In short, these are the foods you should avoid if you have hypertension: artichoke, carrot, celery, cress, spinach, bitumen, carrot, pineapple, canned fruit, canned vegetables, oranges, salted butter, salted beans, ham, salted meat, smoked or canned meat, cheese, ham, baking soda, soy sauce and dairy products.

Instead you can eat fish and fresh meat, olive oil, vinegar, fresh fruits, dried beans, low-fat milk, lean nuts, honey, pasta and rice.

In addition, several epidemiological studies have shown an inverse relationship between blood pressure levels and potassium intake.

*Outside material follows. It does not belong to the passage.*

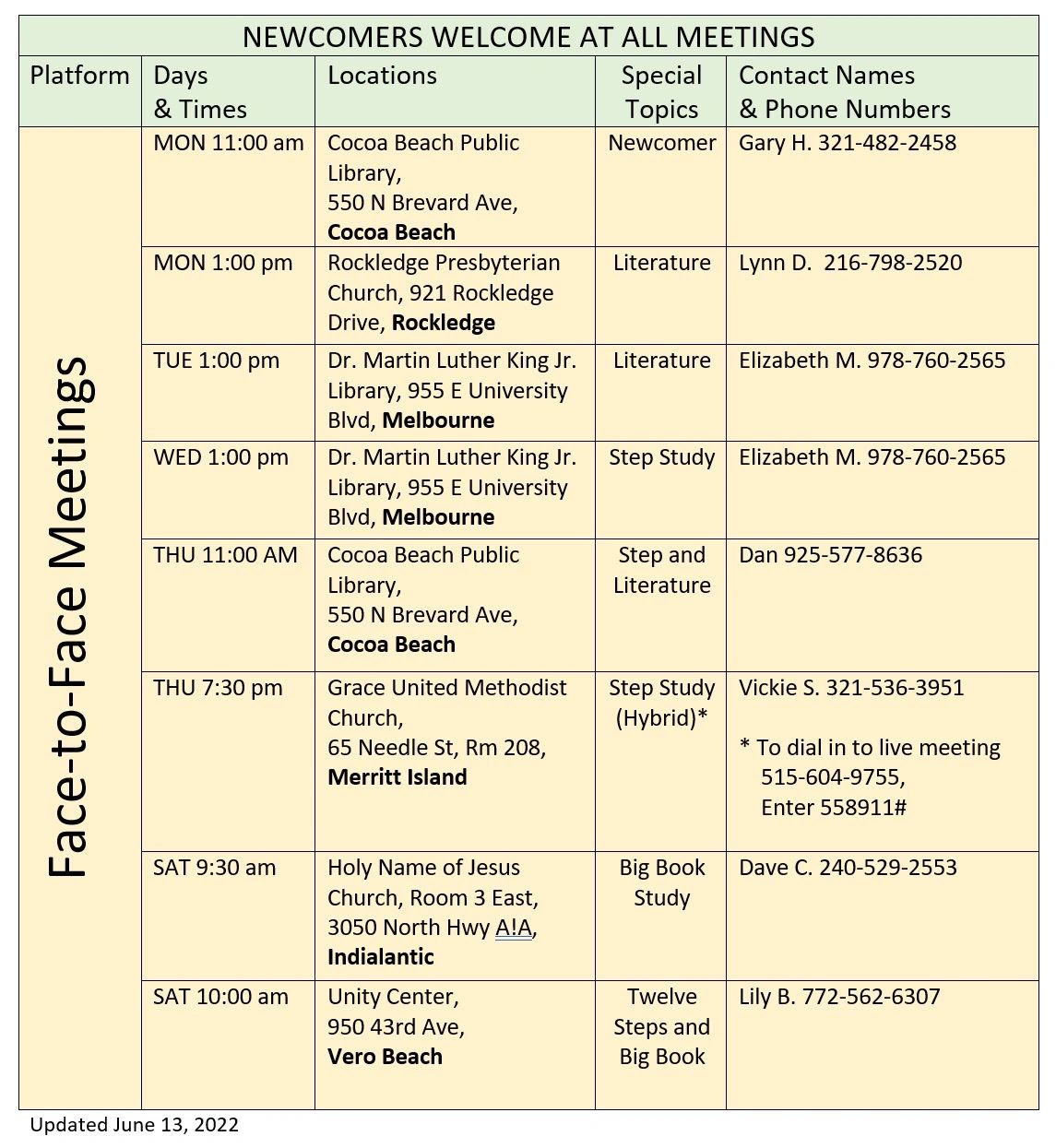 Face-to-Face Meetings Special Focus. Ad Search Oa Telephone Meetings. Contact the meeting rep if you have questions and to confirm that the meeting is still active.

Evidence suggests that high potassium intake can lead to a significant decrease in both systolic and diastolic blood pressure. According to one study, people who consumed less than 2.6 times the potassium were more likely to die from stroke. Potassium can reduce blood pressure by removing sodium from the body through the urine.

Potassium-rich foods include peaches, apricots, pears, kiwi, pumpkin, zucchini, tomatoes, potatoes, bananas, oranges, avocados, figs, grapes, grapes, sweet potatoes, nuts, raisins, plums, strawberries, watermelons, asparagus, broccoli, cabbage, beans and walnuts.